> **Your assignment**:
Your answer must be the lines from the top of the listing below through the line that holds "This paper proposes", retyped exactly, with no pictures.

> **Data listing**:

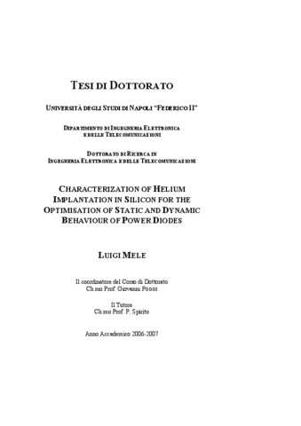 Mele, Luigi (2008) Characterization of helium implantation in silicon for the optimisation of static and dynamic behaviour of power diodes. [Tesi di dottorato] (Inedito)
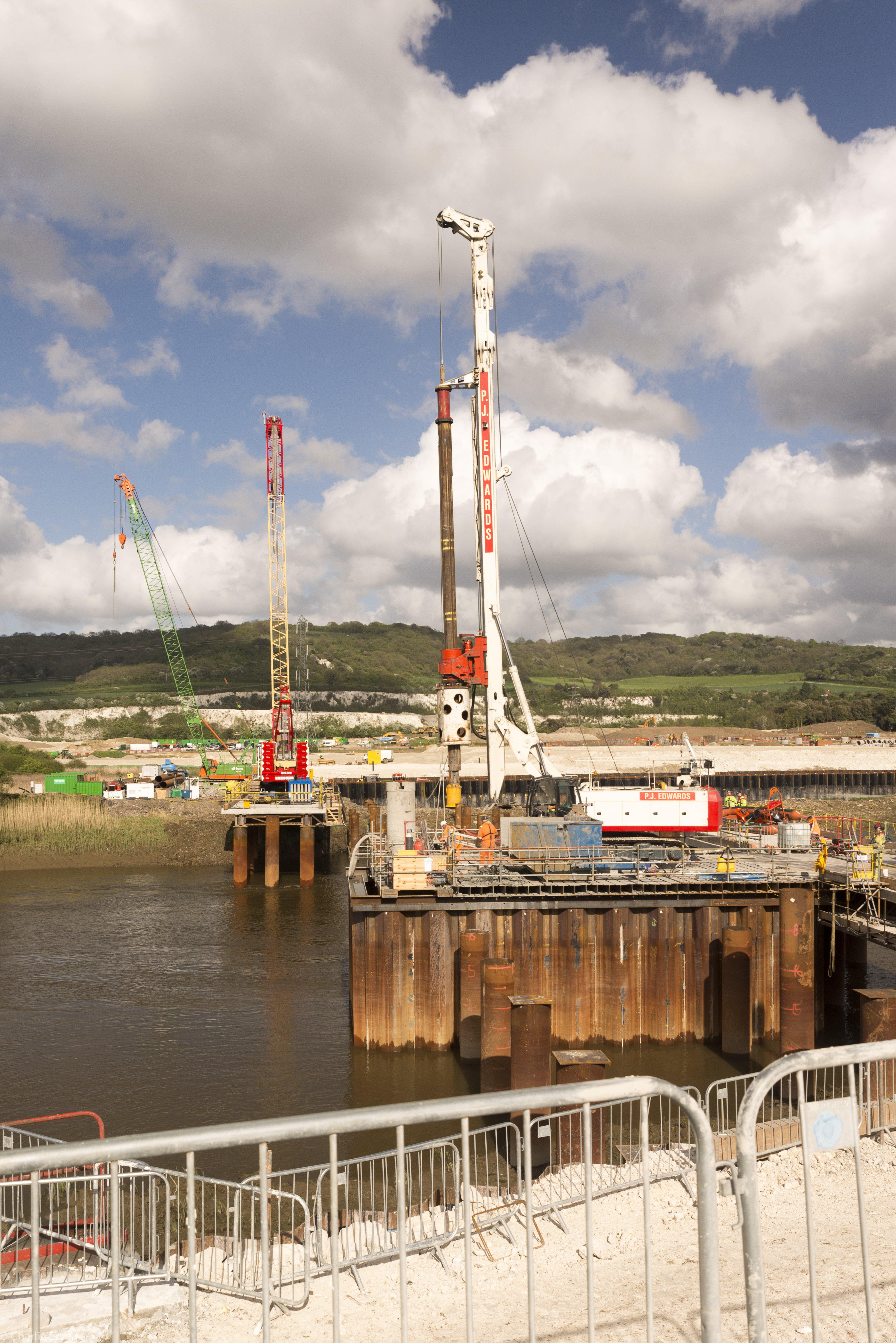 Working on top of the cofferdam has caused a few logistical problems, there is no space to store any equipment and the spoil has to be spun off in to a skip and then craned on to the land which slows the whole operation.
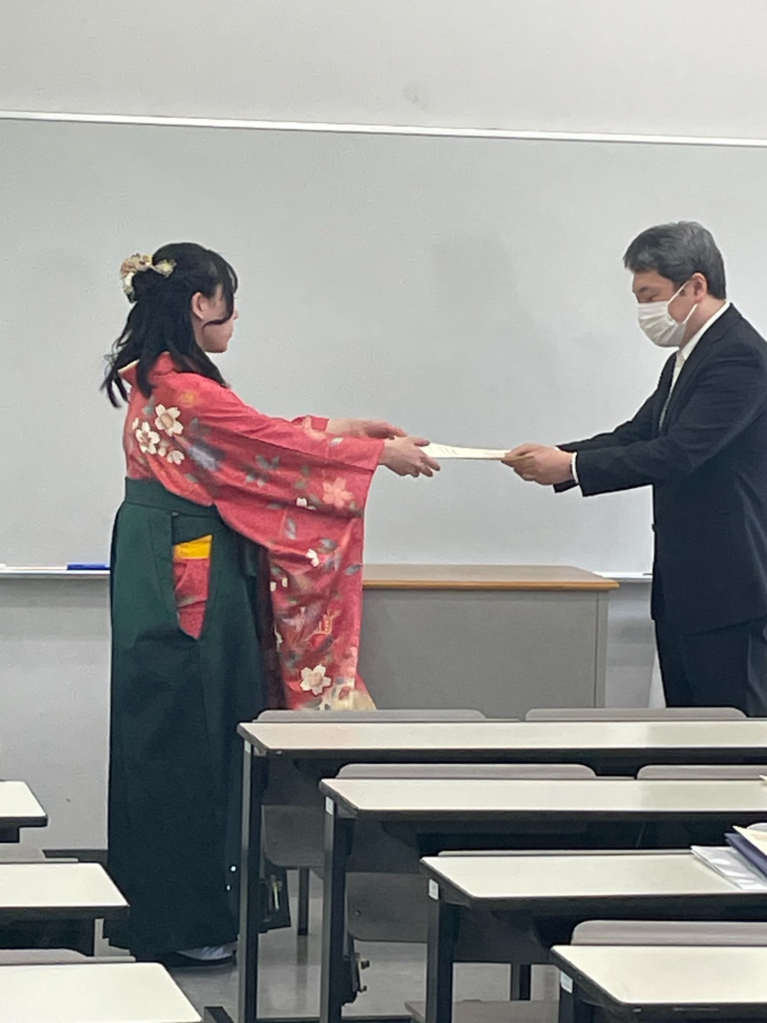 大学全体の式典に続き、言語聴覚学専攻にて学位記授与式が行われました。
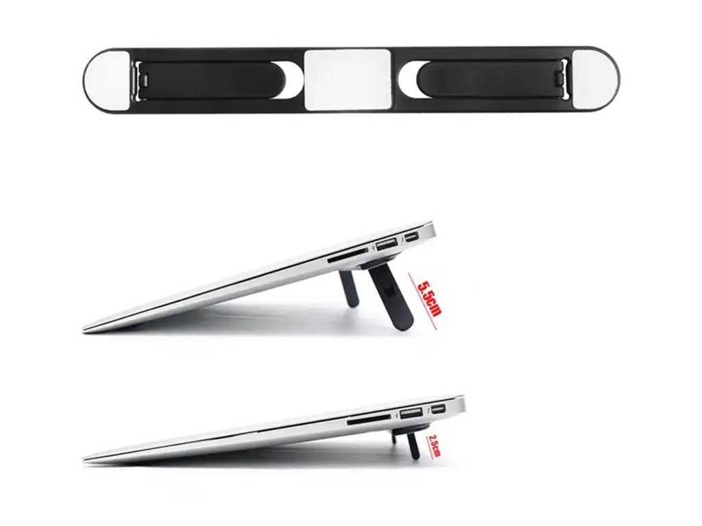 - Skládací plastový stojan na notebook s lehkou a pevnou konstrukcí.
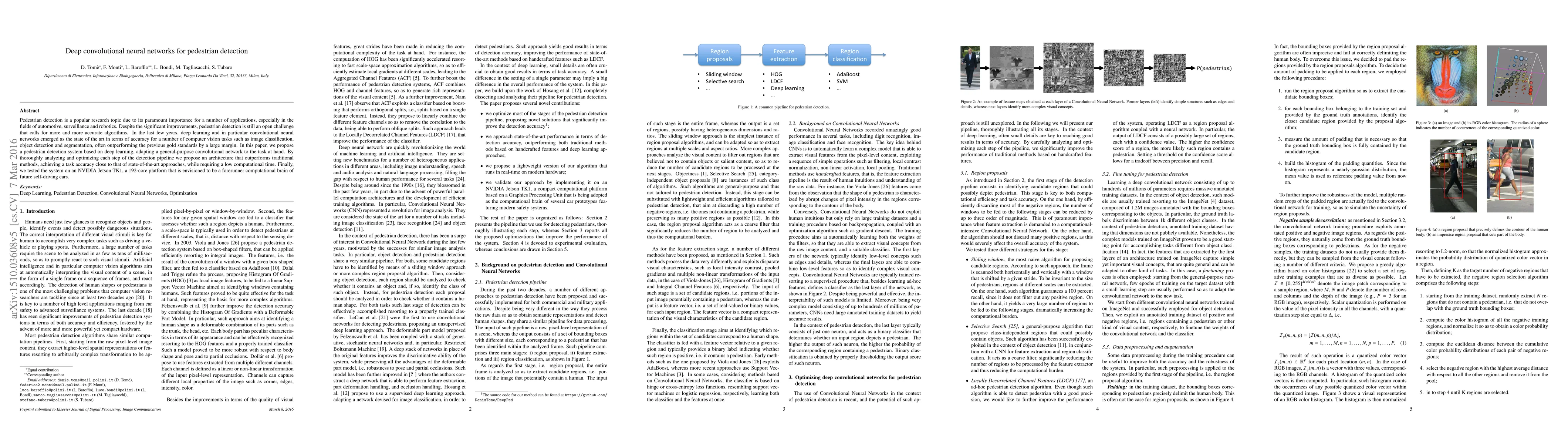 This paper proposes a deep convolutional neural network for pedestrian detection, achieving high accuracy and low computational time. The optimized architecture outperforms traditional methods and is tested on an NVIDIA Jetson TK1 platform for potential use in self-driving cars.
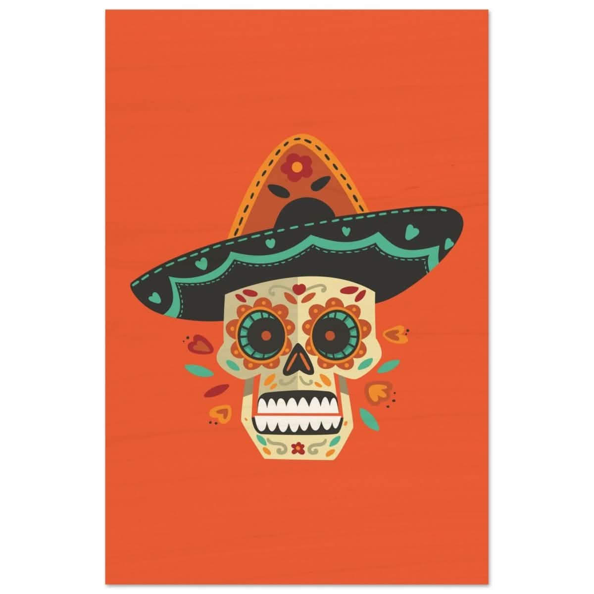 Embrace the vibrant spirit of Día de los Muertos with this stunning artwork, featuring a beautifully adorned sugar skull wearing an intricate sombrero. Inspired by the rich traditions of Mexican culture, this piece bursts with warm oranges, deep blacks, and lively turquoise accents, creating a bold contrast that brings the festive energy of the holiday to life. The detailed floral patterns, heart-shaped motifs, and delicate linework add an element of elegance, symbolizing life, love, and remembrance. Whether you’re drawn to its cultural depth or its striking aesthetic appeal, this artwork makes a statement piece for any modern or eclectic space.

> **Response box**:
 Mele, Luigi (2008) Characterization of helium implantation in silicon for the optimisation of static and dynamic behaviour of power diodes. [Tesi di dottorato] (Inedito)
 Working on top of the cofferdam has caused a few logistical problems, there is no space to store any equipment and the spoil has to be spun off in to a skip and then craned on to the land which slows the whole operation.
 大学全体の式典に続き、言語聴覚学専攻にて学位記授与式が行われました。
 - Skládací plastový stojan na notebook s lehkou a pevnou konstrukcí.
 This paper proposes a deep convolutional neural network for pedestrian detection, achieving high accuracy and low computational time. The optimized architecture outperforms traditional methods and is tested on an NVIDIA Jetson TK1 platform for potential use in self-driving cars.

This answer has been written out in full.